Comment 2: While we're on the topic of the misleading information distributed to the association members, how can we evaluate the court's discussion of the "business judgment rule" in this context. As noted above, the courts states specifically that the business judgment rule is no defense because the association members - the homeowners themselves - negligently reviewed the proposed construction project. It is one thing to say this about the Board members, but quite another to say this about the homeowners. Under the bylaws, association members could vote by proxy. Did these association members have to become familiar with the issues in the case prior to casting their proxy vote? How would they be able to do that?
Comment 3: As the dissent points out, the majority decision to get into the question of ratification opens a can of worms that will squirm forever. It is unlikely that realistic and fair distinctions among association members ever will arise. Isn't the best approach just to leave the issue alone entirely and impose liability upon all members of the association, relying upon insurance and settlement negotiations to protect against really disastrous outcomes?

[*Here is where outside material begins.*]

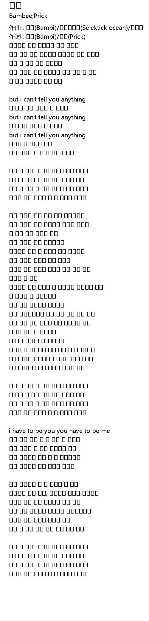 作词 : 밤비(Bambi)/프릭(Prick)

Comment 4: As pointed out in yesterday's DD, it is not enough for a homeowner simply to vote against every Board decision denying an architectural change. If, indeed, other homeowners are aggrieved by the proposed change, then a vote to reverse a Board decision could itself be actionable, and an individual association member might be forced to demonstrate that he or she was reasonable in evaluating that vote. Note that in California (and perhaps other states) certain "consumer advocate" lawyers are starting to build new careers out of suing associations for actions they did not take in pursuing reimbursement from builders for construction defects.
Comment 5: Can we say that the short answer is that all associations will be incorporated? Remember that incorporation, and continued good standing, require money and effort. Not all associations are up to the task. Further, even incorporated associations may be found to be undercapitalized. The issues raised in this case will always be with us, whether we like it or not, unless there is a legislative fix. Don't ask the editor what the fix is. He's better at throwing brickbats than dodging them.